According to CountryAAH, Ahmadinejad interpreted the report as a victory. But at the same time it put him in a tight position domestic politics. Without imminent threats from the United States, he could no longer dismiss critics as traitors. It was also clear that the nuclear program was partly a game of power, capable of strengthening Iran on the international stage. Not all Iranian politicians liked it. The country's pragmatists, e.g. ex-president Ali Akbar Hashemi Rafsanjani, seemed to want to negotiate with the UN. In October, Ali Larijani, chief negotiator in contacts with the West about the program, resigned from everything to judge by a schism with the president. In November, former chief negotiator Hossein Mousavian was indicted for disclosing secret information to other countries. He was released from the charges in November. Hassan Rowhani, another former negotiator, criticized the president for his confrontation policy which he believed had aggravated the country's financial problems. Already in January, 150 members of the Majlis (Parliament) had condemned the president's economic policy and its increasing dependence on oil revenues. In June, gasoline rationing had been introduced, despite the country's huge oil reserves. At the end of the year, inflation was estimated to be up to 25 percent.
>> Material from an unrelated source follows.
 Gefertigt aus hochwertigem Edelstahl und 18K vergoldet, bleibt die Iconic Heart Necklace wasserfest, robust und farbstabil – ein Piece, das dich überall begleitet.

Ahmadinejad was at the center of the world's attention even in other contexts than the core program. On March 23, Iranian forces seized eight British flotists and seven naval troops at the Shatt al-Arabs outlet in the Persian Gulf. The United Kingdom claimed that the British were in Iraqi waters while Iran believed that they violated Iranian territory. The British were released on April 4, according to Ahmadinejad as "a gift to the British people". On April 16, two Swedish engineers, Stefan Johansson and Jari Hjortmar, were released, who in May 2006 had been sentenced to three years in prison for spying since photographing military buildings on an island in the Hormuz Strait.
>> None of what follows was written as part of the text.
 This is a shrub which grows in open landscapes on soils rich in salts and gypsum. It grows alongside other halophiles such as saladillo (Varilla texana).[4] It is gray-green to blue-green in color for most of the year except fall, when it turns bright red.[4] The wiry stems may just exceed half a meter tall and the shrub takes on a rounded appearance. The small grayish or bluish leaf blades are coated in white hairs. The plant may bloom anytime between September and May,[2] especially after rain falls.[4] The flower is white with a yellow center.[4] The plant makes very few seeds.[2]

Russian President Vladimir Putin visited Tehran on October 16 in connection with a summit for leaders from countries around the Caspian Sea. It was the first time since a Kremlin leader visited in 1943. In December, Russia, after several delays, delivered enriched uranium to the almost completely-built nuclear power plant in Bushehr, a civilian facility under the control of the IAEA. The United States had hoped that Russia would delay the delivery further.

Several regime-critical newspapers were forced to close during the year. Two Kurdish journalists, Adnan Hassanpour and Abdolvahed "Hiva" Botimar, were sentenced to death on July 16 for defying God and national security. During the first eleven months of the year, 280 persons were executed, compared with 177 during the whole of 2006.